This collection of African tales reads like legends or folk tales. The title story, The Girl Who Married a Lion, tells of a woman who marries a fine young man, but her brother does not trust him. He tells his sister that her new husband is really a lion. She laughs at her brother for speaking so foolishly, but the brother doesn’t give up. He goes to his father and tells him that he thinks his new son-in-law is a lion. His father also laughs at him, and explains that the new son-in-law is a decent, kind man.
The marriage works out well and they are together for many years. They have two children, young boys, who are also good people. Still, the brother refuses to be around his brother-in-law, refusing to accept that he is a human being and not a lion.

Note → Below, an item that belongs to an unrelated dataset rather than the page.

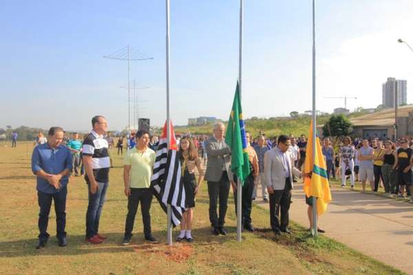 O prefeito Angelo Perugini saudou os presentes, acompanhou a cerimônia de hasteamento de bandeiras, a entoação de hinos e todo o desfile cívico que, além de promover a paz no Brasil e no município, fez alusão ao Sete de Setembro, Dia da Independência do País, ocorrido no sábado (07/09).

Then one day, his sister comes to him. She says she is worried because her husband’s things smell strange. They wait until the husband is out of the house, and they go back together. He brother smells his things, and he decides that they all smell like a lion.

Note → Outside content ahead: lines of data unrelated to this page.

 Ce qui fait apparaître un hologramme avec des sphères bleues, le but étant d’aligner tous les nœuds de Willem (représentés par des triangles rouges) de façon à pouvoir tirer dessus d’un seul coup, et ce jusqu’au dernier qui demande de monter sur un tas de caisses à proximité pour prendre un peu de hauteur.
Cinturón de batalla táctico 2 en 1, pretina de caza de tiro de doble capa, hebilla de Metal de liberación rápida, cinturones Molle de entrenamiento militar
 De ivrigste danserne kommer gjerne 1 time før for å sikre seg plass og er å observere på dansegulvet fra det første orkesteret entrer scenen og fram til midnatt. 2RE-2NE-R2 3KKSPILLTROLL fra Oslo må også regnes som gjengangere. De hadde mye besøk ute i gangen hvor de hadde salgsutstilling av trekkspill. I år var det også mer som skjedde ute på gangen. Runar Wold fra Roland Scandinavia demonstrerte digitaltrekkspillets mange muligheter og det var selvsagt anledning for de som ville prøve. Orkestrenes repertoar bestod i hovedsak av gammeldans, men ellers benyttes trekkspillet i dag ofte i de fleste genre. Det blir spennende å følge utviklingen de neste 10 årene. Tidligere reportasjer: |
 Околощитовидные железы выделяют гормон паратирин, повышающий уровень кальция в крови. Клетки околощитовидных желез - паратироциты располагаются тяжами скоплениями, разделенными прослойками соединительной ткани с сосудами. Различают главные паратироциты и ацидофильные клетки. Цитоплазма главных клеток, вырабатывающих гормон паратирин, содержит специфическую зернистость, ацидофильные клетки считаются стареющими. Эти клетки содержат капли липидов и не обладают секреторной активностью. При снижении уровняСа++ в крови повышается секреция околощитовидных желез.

He goes back and tells his father what he has smelled and devises a plan to test if he really is a lion. They tie a goat up outside of his house and then wait until morning. When the sun rises, the goat is gone, and all that remains are the bones of the goat. They surmise that this is proof that he is indeed a lion. They get spears and run him out of town.

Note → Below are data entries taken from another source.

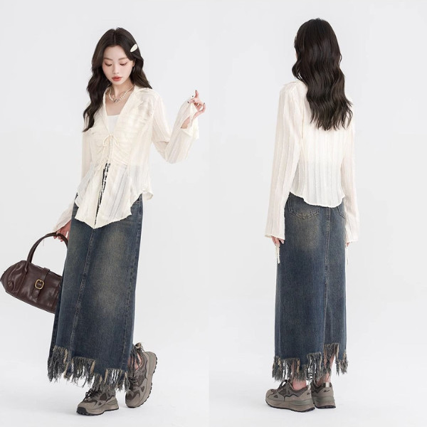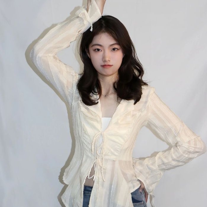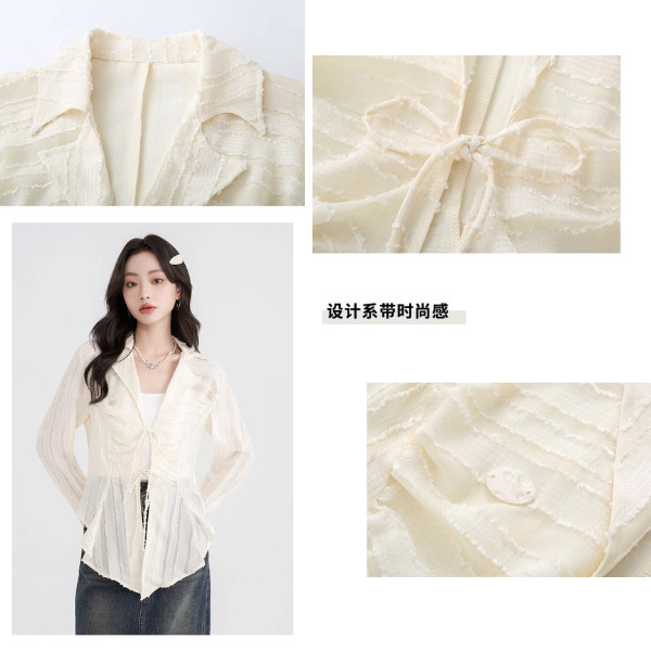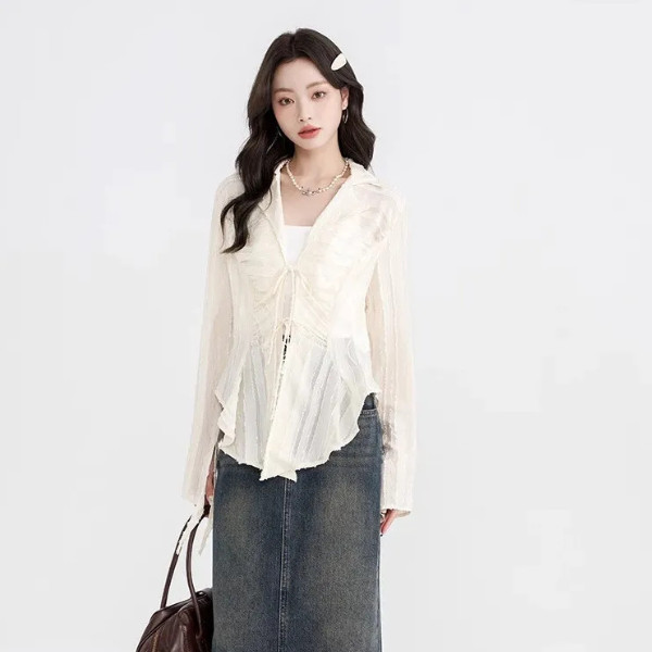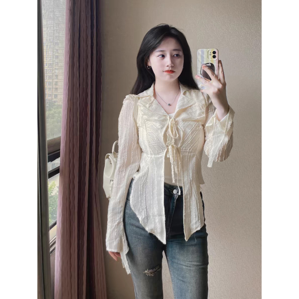 ?Zsndp?[Ready Stock In Malaysia]Korean style women ladies loose chiffon ruffle irregular lace-up long sleeve shirt blouse shirt women shirt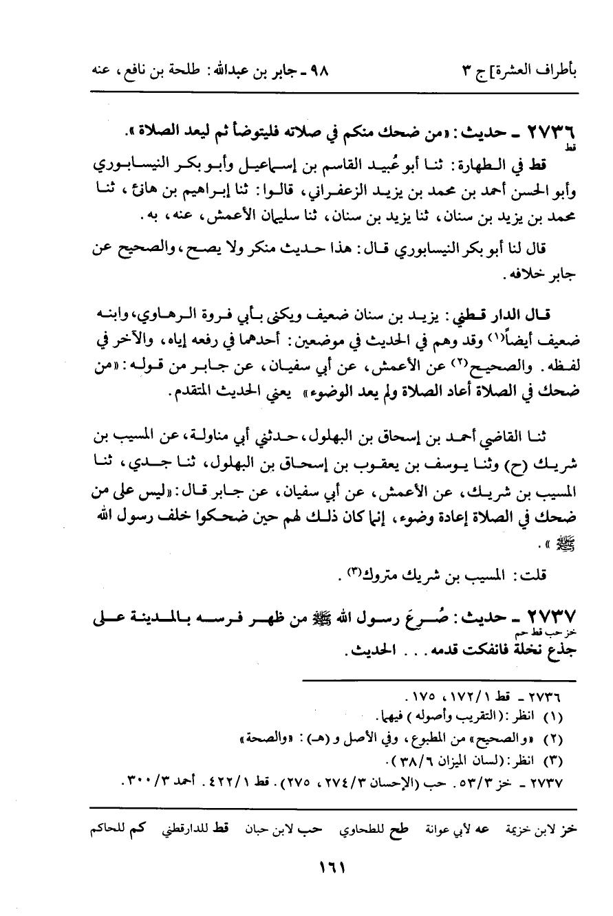 2736 - حَدِيثُ (قط) : " مَنْ ضَحِكَ مِنْكُمْ فِي صَلاتِهِ فَلْيَتَوَضَّأْ ثُمَّ لِيُعِدِ الصَّلاةَ ".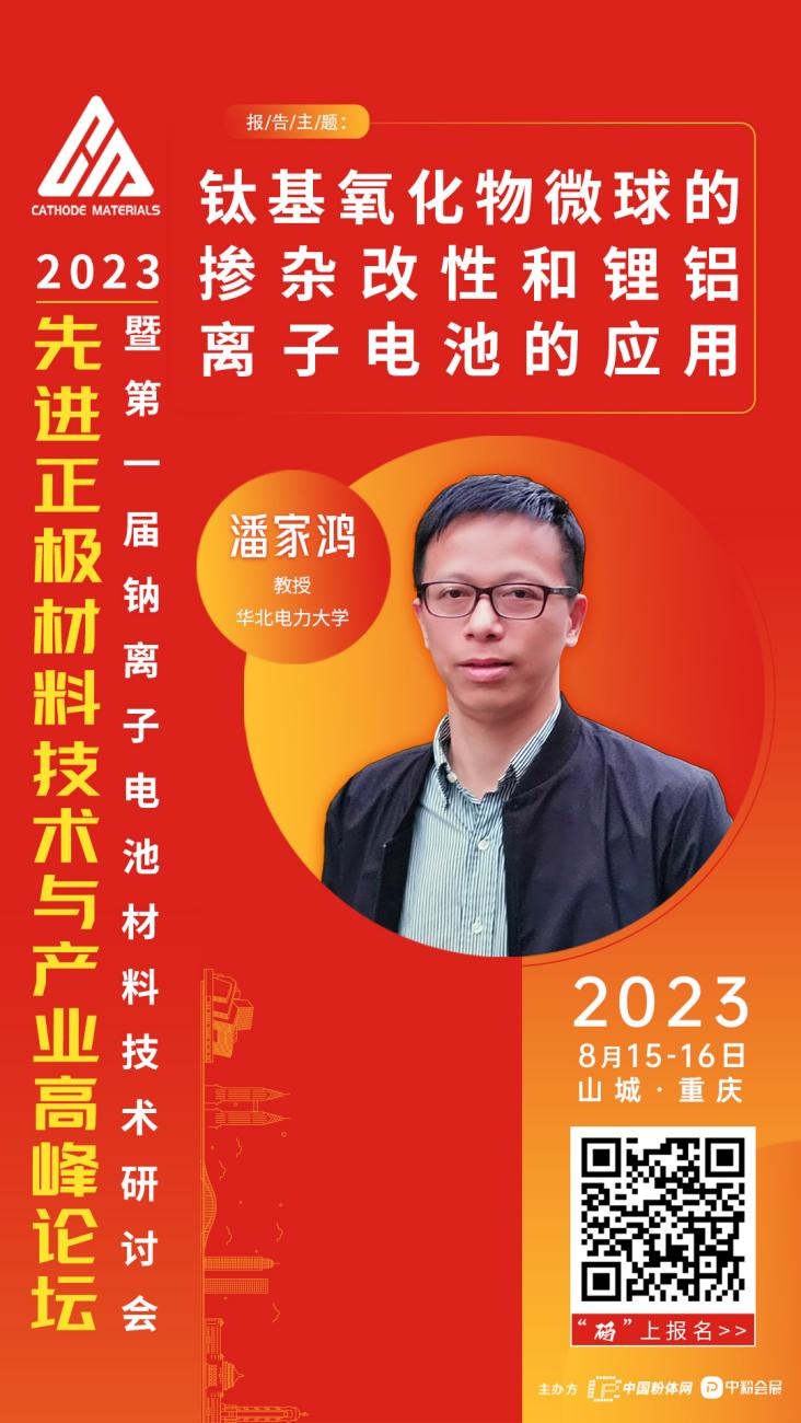 2023年8月,中國粉體網將在山城重慶舉辦“2023先進正極材料技術與產業高峰論壇暨第一屆鈉離子電池材料技術研討會”。我們有幸邀請到華北電力大學的潘家鴻教授為我們帶來題為《鈦基氧化物微球的摻雜改性和鋰鋁離子電池的應用》的報告。

Then the wife confesses that she is worried that her two sons may also be lions. They devise another plan to test them. They make a cage out of tree limbs and put the boys inside. Then they hide in the woods and wait for the lions to come. Eventually, two lions come, they smell the cage, and they begin to roar and claw at the cage. The brother and the father deduce that if the children were indeed lions, then the other lions would not attack and try to eat them. This proves that the children were indeed not lions.
I do not wish to seem culturally insensitive, but these stories do not impress me in any way. With respect to the story above, even if one could ignore the concept of a man being a lion, several of the elements of the story seem illogical. First, why would the husband’s things only start to smell of lion after years had already passed. Would they not have smelled of lion from the very beginning? Second, the goat being eaten during the night could have occurred by the husband, or by any random lion that came from the forest. The fact that it was eaten only proves that there was a lion, but not that he was the lion. Finally, if such a test were to work to prove that the husband was or was not a lion, why would the brother not have conducted such a test years earlier, perhaps before his sister married the man?
I do understand that legends from all cultures, including my own, often lack basic logic . Still, this faulty logic is often used to portray some sort of message or to create some effect that is more powerful than the logic would have been. However, I see no such reason in these stories.
Smith, A.M. (2004). The girl who married a lion and other stories from africa. New York, NY: Pantheon Books.